Transcription of obituary published in the Primitive Methodist Magazine by W.J. Tristram

In the passing of Mr. Elijah Crossfield, Otley Church and Circuit have lost one of their noblest characters. He was one of the finest types of Primitive Methodists. Born of Christian parents, in Armley, Leeds, seventy-one years ago, he at the age of sixteen, gave his heart to the Lord Jesus. And never was consecration more complete. As a Sunday school teacher, we should imagine that his record has been seldom equalled. Never once late during the long term of fifty-four years. Never once absent without providing a substitute. The outstanding feature of his life was his genuine, wholesome religiousness. Religion to him was the one thing in life. How he loved the services of the sanctuary! How he enjoyed a real live prayer-meeting! How he revelled in a homely testimony meeting!

Another feature in him which was much admired was his child-like confidence in God. His faith found continuous expression in marked generosity. His gifts to the Church were neither meagre nor few, and were never heralded in the market-place. When urged to retire from business, he pleaded: “If I retire, I shall not be able to give as much to the Church.”

He was an upright employer of labour. No man must use unclean speech in his presence. No man must scamp work in his shop. He was faithful in all his dealings. He was a devoted husband and father. He has left ten children and grandchildren—a heritage of the highest value. And most of them are not only connected with the Church—they are workers and officials therein. As a citizen he won honour and esteem. This was notably evident at the memorial service held in our Otley Church prior to the interment, which was attended by the M.P. for this division and other leading townsmen.

Twelve months before his death he was suddenly smitten down with a sickness which prevented all further attendance at public worship. And yet there was no murmuring, no complaining. The faith that sustained him during: days of vigour and health, was sufficient in the day of trial.

The memorial service, held on December 23rd was conducted by the circuit ministers, a most chaste address being delivered by the Rev. Jackson Harding, a former minister of the circuit, and a friend of the Crossfield family of many years standing.
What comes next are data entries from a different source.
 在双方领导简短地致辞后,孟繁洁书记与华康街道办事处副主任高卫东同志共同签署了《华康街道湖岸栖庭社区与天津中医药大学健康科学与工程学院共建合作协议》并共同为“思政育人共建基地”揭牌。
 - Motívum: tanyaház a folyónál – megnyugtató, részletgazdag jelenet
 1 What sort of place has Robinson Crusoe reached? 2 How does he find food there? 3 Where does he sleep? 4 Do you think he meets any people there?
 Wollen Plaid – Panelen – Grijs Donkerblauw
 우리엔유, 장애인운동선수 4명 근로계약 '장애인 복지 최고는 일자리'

All our thoughts of him are grateful and inspiring.


Elijah was born in late 1845 at Armley, Leeds, Yorkshire, to parents Timothy Crossfield, a woollen spinner (1851), and Ann Wilson.

Census returns identify the following occupations for Elijah.

  • 1851 scholar
  • 1861 moulder of iron
  • 1871 iron moulder
  • 1881 iron founder
  • 1891 iron moulder
  • 1901 printer’s engineer
  • 1911 foreman iron moulder

He married Elizabeth Davison (1847-1919) on 2 April 1866 at Bradford Cathedral, Yorkshire. Census returns identify ten of fourteen children.

  • Ann (1867-1935) – a dressmaker (1891); married Arthur Bartle, a foreman fitter (1911), in 1894             
  • Joseph Wilson (1869-1940) – printer’s engineer iron turner
  • Helena (1871-1941) – married Henry Crowe, a draper (1911), in 1892
  • Timothy (1874-1939) – iron founder (1911); emigrated to Australia in 1922
  • Edith Hannah (1876-1916) – married William Henry Renwick, a joiner & wheelwright (1901), in 1899               
  • John (1878-1926) – company secretary (1901)
  • Clara Ethel (1882-1956) – married John Wilson Briggs, an iron moulder (1911), in 1908
  • Lilian Elizabeth (1884-1950) – died in Australia
  • Wilfred Elijah (1886-1978) – a railway clerk (1911)
  • Henry Davison (1889-1961) – an elementary school teacher (1911)

Elijah died on 21 December 1916 at Otley, Yorkshire.